This is could be a super cool fountain for geeks to congregate around in the office; however, not only does it suck water from air, but it also pulls loads of electricity from your wall outlet. While Klimatec has a solar-powered version, it will take a 480W panel to operate, so that just means some big solar panels taking up space, and probably significantly adding to the price of the machine.
This energy factor makes it impractical for both of its two foreseeable markets – first, the aforementioned high-tech/geek-friendly office space, and second, places short on water supply, and therefore likely short on money and electricity. Considering it can come equipped with a mini-fridge, I have a feeling the former is more likely who they have their eye on, especially considering the lower tech, more practical water-trapping solutions already available for rural areas. The only other market I can picture is richer countries who feel the tightening up on fresh water supplies. By the time something like this is practical to the public, the technology may be more energy efficient.

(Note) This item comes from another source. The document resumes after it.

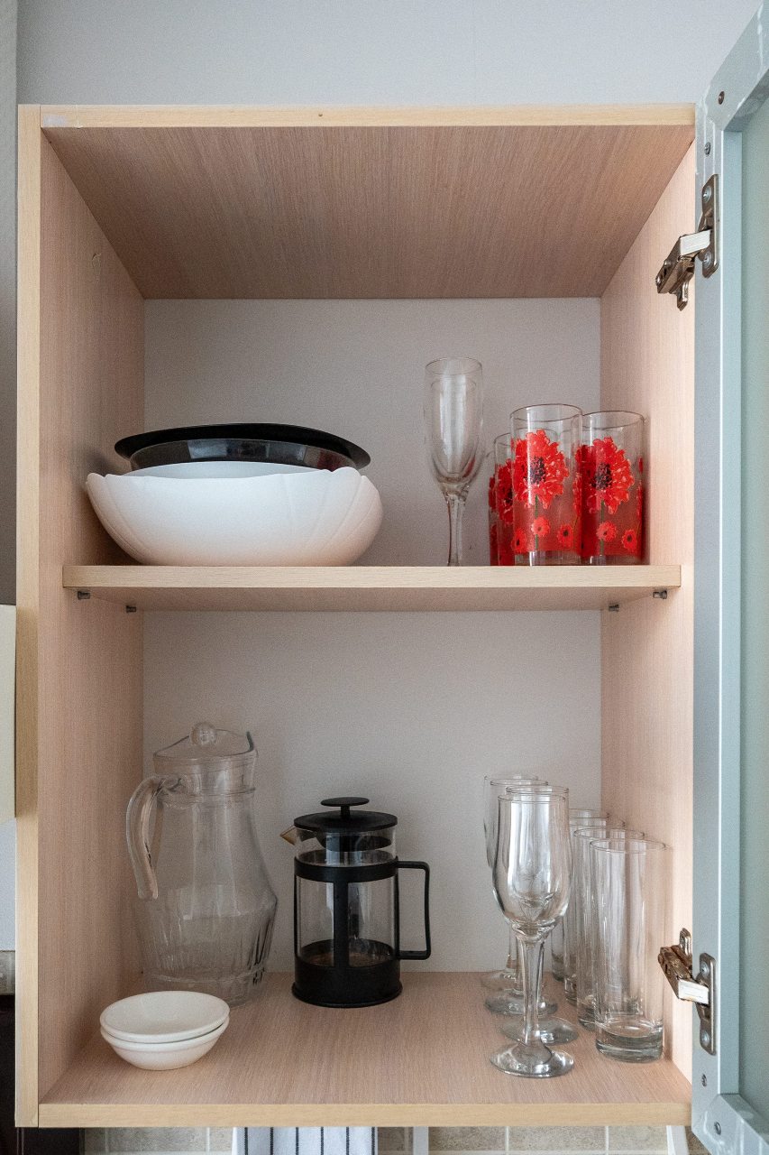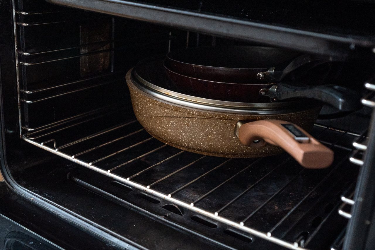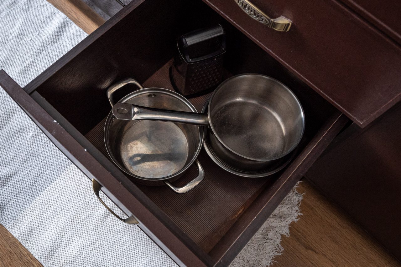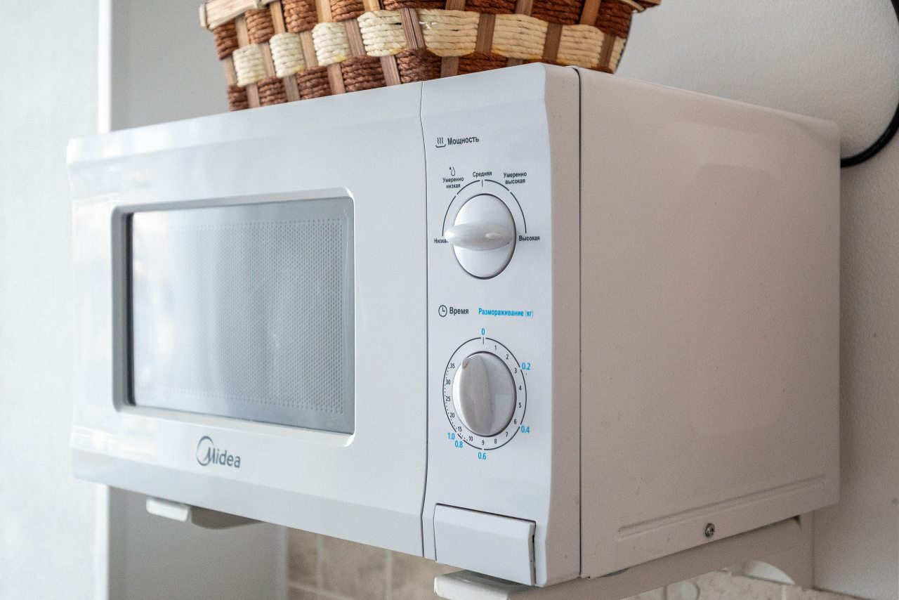 На кухне есть все для приготовления пищи: газовая плита с духовкой, СВЧ печь, холодильник. Также имеются кастрюли, антипригарная сковорода.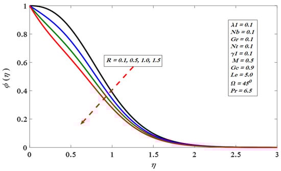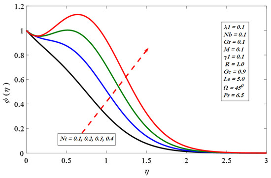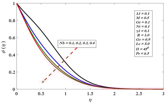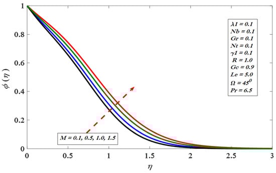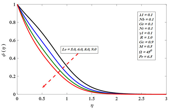 Figure 12 demonstrates that the concentration outline increases as we strengthen the magnetic field. A similar impact on the temperature profile against the magnetic parameter was observed by Ullah et al. []. Further, Figure 13 reveals that displays a converse relation with (chemical reaction). It is notable that, with change in chemical reaction, Salleh et al.’s [] results have been recovered. Figure 14 displays the boundary layer viscosity changes by enhancing Lewis number. A larger Lewis number is related to a lower and vice versa. The boundary layer thickness decreases when increases, which causes a decline in concentration distribution (see Figure 15). Figure 16 presents the thermophoresis influence on , showing direct correspondence with , because nanoparticle concentration is a strong function of , due to which was significantly affected. Further, large values of indicate that stronger increases the thermal conductivity of nanoparticles adjacent to the wall.

Five gallons of fresh, filtered water every 24 hours is quite a lot, especially when used in areas where water is tight and people know how to conserve drinking water. But that still means it only provides enough drinking water for a handful of people every day. Quite a few of these will be needed to handle large numbers of users. Also, how much humidity in the air is required to get the amount of water claimed? And how much will this sucker cost? Dvice.com contacted Klimatec for these last two details and is waiting for a reply. We’ll keep an eye out for any updates. Despite all these issues, it is a technology well worth pursuing and I’m glad to see Klimatec making a good start of it.